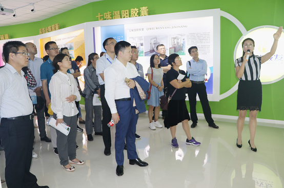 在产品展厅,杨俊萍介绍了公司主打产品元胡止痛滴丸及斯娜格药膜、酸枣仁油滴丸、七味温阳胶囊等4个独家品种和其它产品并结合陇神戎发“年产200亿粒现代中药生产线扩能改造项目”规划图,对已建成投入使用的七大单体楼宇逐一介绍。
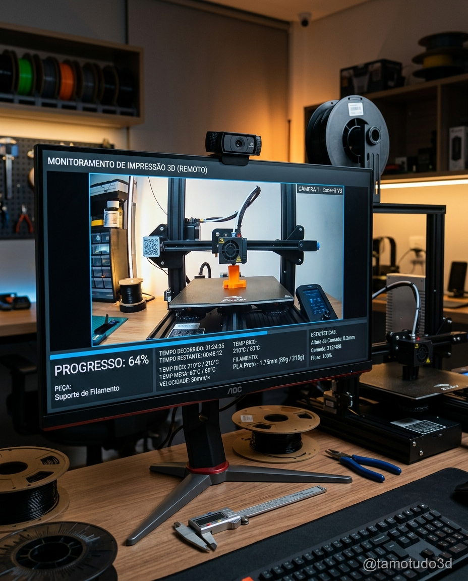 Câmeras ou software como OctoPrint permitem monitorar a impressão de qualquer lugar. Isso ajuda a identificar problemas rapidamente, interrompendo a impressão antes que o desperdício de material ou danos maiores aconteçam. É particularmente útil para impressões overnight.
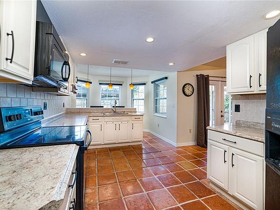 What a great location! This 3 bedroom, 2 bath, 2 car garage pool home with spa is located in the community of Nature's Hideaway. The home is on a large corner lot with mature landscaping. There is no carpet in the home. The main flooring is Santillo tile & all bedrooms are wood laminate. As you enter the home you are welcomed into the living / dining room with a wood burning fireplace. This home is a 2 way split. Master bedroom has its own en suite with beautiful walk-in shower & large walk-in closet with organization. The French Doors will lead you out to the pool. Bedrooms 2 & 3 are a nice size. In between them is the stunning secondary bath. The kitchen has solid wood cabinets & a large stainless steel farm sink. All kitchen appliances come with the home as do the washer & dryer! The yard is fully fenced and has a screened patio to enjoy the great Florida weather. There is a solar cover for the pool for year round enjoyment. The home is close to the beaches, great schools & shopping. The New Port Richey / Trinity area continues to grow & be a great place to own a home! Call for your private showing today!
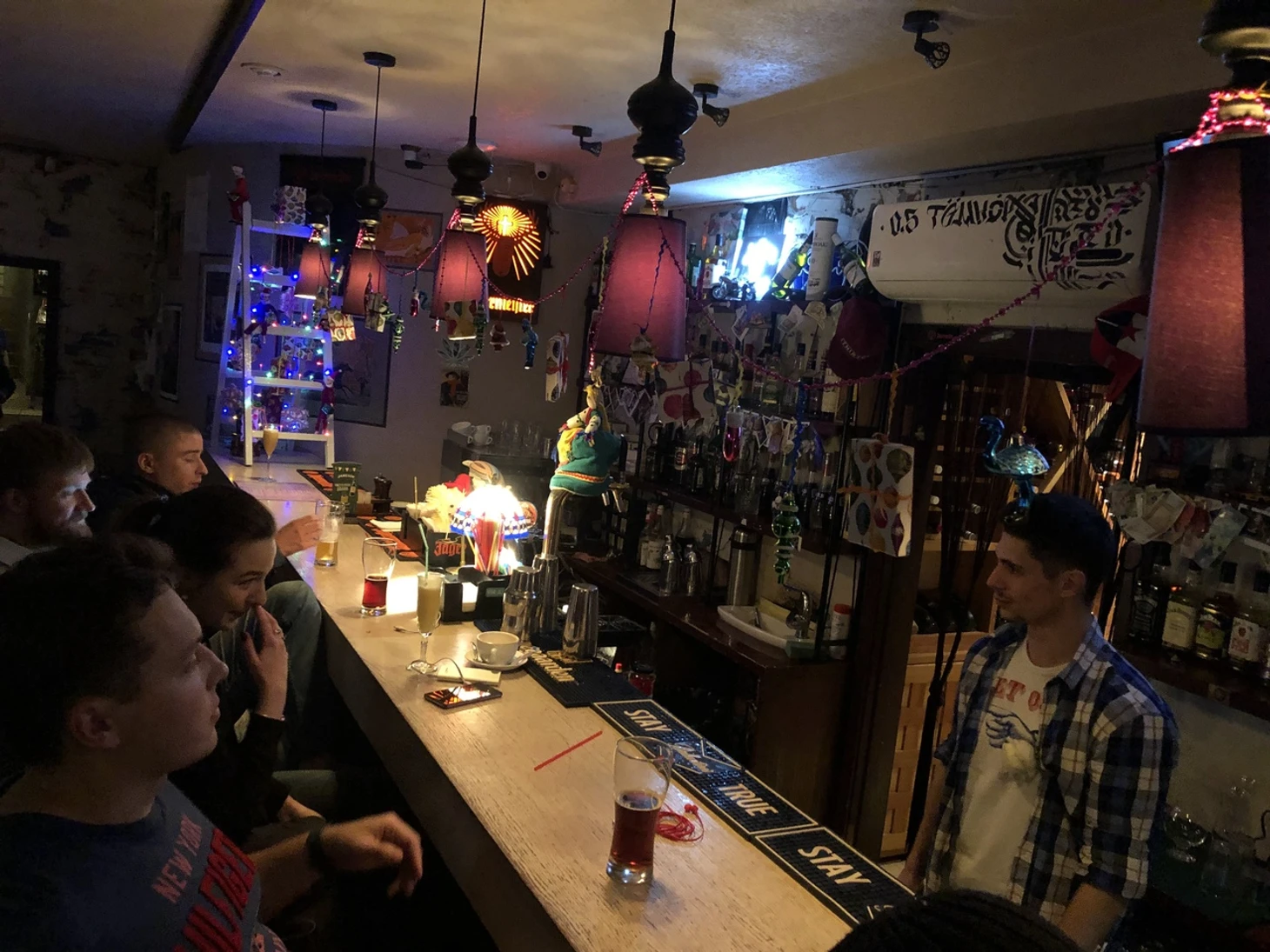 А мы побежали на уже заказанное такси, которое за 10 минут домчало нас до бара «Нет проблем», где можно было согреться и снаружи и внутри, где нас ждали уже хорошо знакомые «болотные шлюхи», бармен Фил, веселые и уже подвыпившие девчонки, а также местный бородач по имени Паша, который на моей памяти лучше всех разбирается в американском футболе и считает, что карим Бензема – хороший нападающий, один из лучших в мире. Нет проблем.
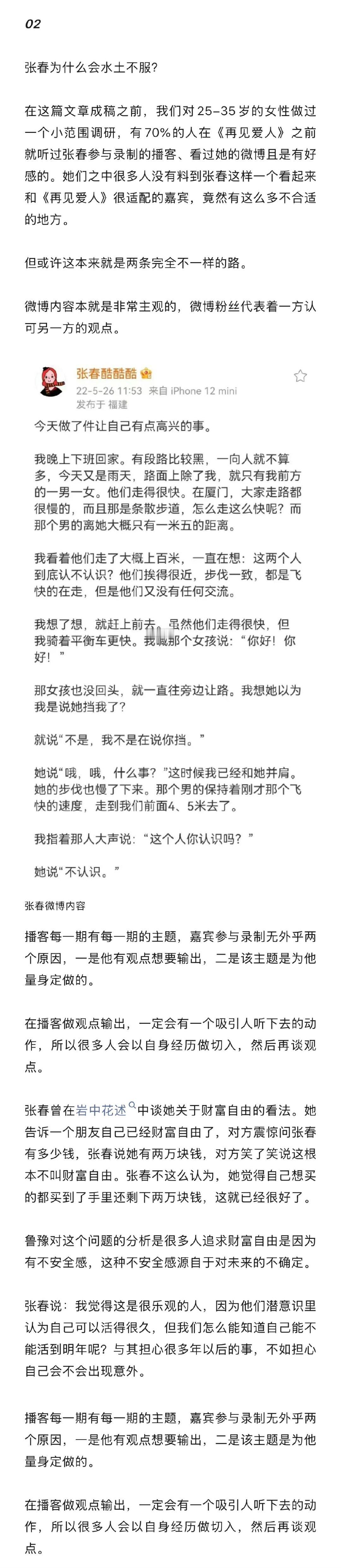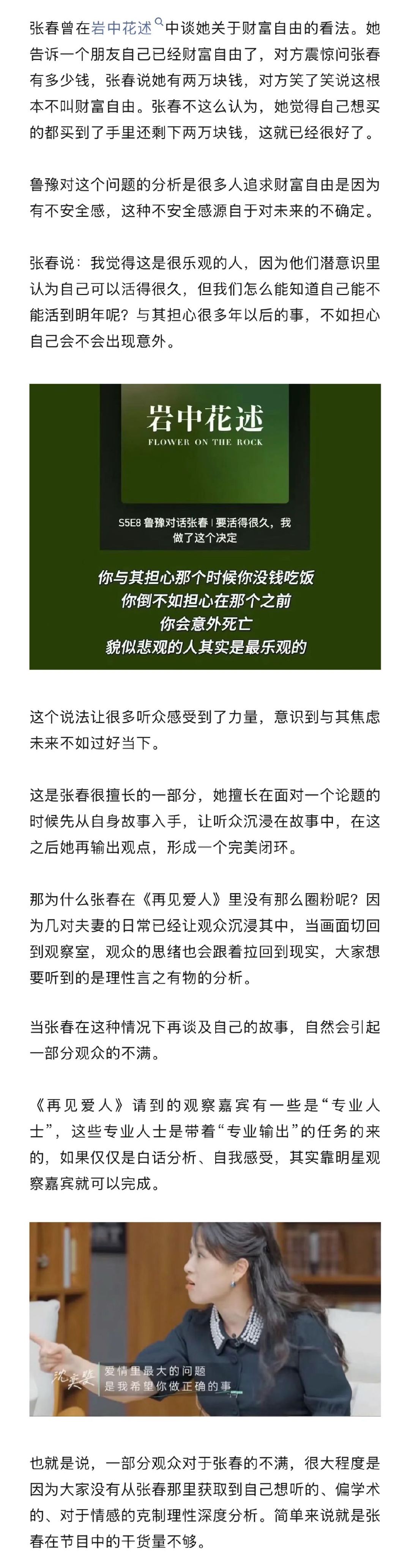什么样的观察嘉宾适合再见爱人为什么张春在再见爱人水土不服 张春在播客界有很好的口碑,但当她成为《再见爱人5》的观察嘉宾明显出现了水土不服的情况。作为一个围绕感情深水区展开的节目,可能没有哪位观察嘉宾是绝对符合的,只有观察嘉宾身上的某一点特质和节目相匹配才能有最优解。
* * *
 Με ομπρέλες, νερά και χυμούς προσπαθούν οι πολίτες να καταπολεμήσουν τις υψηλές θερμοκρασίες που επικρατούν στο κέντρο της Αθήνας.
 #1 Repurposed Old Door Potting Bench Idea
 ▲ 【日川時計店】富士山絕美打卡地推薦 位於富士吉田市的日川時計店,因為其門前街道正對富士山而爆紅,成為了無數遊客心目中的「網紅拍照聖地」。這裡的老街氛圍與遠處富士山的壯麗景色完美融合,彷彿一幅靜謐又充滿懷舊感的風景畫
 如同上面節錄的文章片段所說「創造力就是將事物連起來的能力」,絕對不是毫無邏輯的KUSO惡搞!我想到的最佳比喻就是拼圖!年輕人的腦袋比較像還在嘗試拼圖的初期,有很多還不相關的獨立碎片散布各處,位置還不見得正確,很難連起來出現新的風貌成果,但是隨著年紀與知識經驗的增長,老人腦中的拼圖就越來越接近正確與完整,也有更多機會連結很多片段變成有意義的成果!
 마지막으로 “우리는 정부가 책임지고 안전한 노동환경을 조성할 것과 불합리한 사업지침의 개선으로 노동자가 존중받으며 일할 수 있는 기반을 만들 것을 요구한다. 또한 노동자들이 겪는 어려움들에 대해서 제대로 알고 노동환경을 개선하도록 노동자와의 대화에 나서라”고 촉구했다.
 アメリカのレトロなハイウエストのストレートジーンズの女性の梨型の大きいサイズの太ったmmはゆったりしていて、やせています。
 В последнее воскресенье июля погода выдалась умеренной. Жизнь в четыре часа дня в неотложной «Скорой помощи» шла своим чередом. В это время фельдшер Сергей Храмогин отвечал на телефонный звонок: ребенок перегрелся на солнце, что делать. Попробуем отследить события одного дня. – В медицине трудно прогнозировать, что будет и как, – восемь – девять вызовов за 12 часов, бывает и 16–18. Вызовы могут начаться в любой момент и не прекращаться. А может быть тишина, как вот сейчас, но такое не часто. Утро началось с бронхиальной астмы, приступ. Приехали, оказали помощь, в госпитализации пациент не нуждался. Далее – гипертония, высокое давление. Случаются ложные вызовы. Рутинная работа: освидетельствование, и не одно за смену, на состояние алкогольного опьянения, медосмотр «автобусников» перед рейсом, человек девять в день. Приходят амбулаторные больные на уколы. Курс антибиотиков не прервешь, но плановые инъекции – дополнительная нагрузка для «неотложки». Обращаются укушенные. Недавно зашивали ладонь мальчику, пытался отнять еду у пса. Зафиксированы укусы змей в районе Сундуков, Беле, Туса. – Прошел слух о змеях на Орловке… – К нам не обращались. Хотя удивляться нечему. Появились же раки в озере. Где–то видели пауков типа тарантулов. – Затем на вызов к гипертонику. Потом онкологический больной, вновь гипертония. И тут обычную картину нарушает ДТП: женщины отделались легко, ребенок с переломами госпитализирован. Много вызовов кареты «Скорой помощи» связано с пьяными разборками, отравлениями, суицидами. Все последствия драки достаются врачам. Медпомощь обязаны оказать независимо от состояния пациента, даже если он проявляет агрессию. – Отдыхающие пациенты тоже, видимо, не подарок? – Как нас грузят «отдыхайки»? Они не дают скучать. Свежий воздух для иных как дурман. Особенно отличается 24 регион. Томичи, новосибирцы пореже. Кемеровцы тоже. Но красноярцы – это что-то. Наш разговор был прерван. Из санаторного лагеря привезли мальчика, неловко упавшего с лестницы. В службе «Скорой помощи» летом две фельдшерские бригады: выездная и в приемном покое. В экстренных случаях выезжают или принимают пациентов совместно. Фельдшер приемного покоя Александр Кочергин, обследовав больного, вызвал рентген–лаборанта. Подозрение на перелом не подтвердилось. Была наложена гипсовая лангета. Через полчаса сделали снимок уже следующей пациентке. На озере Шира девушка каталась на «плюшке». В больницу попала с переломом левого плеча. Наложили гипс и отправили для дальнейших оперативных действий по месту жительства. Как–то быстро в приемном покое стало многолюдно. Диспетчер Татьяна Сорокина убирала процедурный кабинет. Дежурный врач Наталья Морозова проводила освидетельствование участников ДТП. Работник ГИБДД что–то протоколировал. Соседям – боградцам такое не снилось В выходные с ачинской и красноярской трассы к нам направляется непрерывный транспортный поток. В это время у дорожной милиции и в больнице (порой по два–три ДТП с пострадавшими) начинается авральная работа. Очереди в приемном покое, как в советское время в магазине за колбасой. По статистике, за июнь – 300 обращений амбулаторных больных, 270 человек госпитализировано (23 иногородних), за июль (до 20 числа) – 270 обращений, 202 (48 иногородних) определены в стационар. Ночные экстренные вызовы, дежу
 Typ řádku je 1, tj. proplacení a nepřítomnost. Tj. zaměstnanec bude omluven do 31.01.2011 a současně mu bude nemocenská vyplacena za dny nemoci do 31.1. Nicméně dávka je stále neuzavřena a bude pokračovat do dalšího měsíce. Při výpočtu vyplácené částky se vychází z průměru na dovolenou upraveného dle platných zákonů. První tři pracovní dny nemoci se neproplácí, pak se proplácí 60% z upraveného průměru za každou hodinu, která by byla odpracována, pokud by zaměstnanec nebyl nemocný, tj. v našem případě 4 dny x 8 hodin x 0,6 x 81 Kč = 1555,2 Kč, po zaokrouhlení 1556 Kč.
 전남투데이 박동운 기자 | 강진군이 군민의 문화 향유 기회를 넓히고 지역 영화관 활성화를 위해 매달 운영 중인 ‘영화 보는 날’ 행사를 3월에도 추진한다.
==
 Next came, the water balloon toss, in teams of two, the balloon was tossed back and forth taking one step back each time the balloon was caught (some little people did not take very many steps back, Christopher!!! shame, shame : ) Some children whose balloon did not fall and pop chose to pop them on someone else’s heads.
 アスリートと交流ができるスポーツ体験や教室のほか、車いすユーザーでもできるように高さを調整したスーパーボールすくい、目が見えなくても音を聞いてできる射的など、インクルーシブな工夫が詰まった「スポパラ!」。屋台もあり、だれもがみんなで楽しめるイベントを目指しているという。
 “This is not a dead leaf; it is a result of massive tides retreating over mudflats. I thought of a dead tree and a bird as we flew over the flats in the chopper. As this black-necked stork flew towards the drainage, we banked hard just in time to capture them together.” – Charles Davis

_PROBLEM:_
Pick out and copy the lines of the material that include the word "time".

_COMPLETED EXERCISE:_
 Next came, the water balloon toss, in teams of two, the balloon was tossed back and forth taking one step back each time the balloon was caught (some little people did not take very many steps back, Christopher!!! shame, shame : ) Some children whose balloon did not fall and pop chose to pop them on someone else’s heads.
 “This is not a dead leaf; it is a result of massive tides retreating over mudflats. I thought of a dead tree and a bird as we flew over the flats in the chopper. As this black-necked stork flew towards the drainage, we banked hard just in time to capture them together.” – Charles Davis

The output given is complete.